Bug 12530 - [REQ] Improve fuzzy using files being uploaded
Summary: [REQ] Improve fuzzy using files being uploaded
Status: NEW
Alias: None
Product: rsync
Classification: Unclassified
Component: core (show other bugs)
Version: 3.1.2
Hardware: All All
: P5 normal (vote)
Target Milestone: ---
Assignee: Wayne Davison
QA Contact: Rsync QA Contact
URL:
Keywords:
Depends on:
Blocks:
 
Reported: 2017-01-19 08:05 UTC by Ben RUBSON
Modified: 2023-10-17 16:21 UTC (History)
1 user (show)

See Also:


Attachments

Note You need to log in before you can comment on or make changes to this bug.
Description Ben RUBSON 2017-01-19 08:05:33 UTC
Hello,

Let's imagine the sender is uploading a bunch of files which are quite similar.
For example, the following dir :
/directory
|-backup1.iso
|-backup2.iso
|-backup3.iso
|-backup4.iso
|-backup5.iso

For the moment, if no remote fuzzy basis is found at the very beginning of the transfer, every file will be fully uploaded.
Goal would then be to improve rsync so that once the first file has been uploaded, fuzzy algorithm could look at this new file as a fuzzy basis file for the other new files arriving. Same thing once the second file has been uploaded etc...
Perhaps it could be done once for all at the very beginning of the transfer, also taking the list of files which will be uploaded (sent by the sender), and their properties, to feed the fuzzy algorithm.

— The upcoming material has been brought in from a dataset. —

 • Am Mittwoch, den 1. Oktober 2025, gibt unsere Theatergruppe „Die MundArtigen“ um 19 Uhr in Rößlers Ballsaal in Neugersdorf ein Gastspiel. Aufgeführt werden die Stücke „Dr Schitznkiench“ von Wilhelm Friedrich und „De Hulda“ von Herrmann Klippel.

This would speed-up transfer in a number of situations.

Thank you very much !

Ben
Comment 1 Ulrich Sibilller 2023-10-17 16:21:58 UTC
I go one step further than this: rsync should not only look for a file to reference in fuzzy mode but also take into account what it transferred previously. So instead of throwing away any information it gathered for the first file once it is done it could keep the transfer information and reuse it. It would then
a) automatically fulfill you request by having the information for the first iso already
b) not rely on similarity by size and/or name only but on the data itself!

Of course this would increase memory usage but that's something the user can decide if it is worth or not.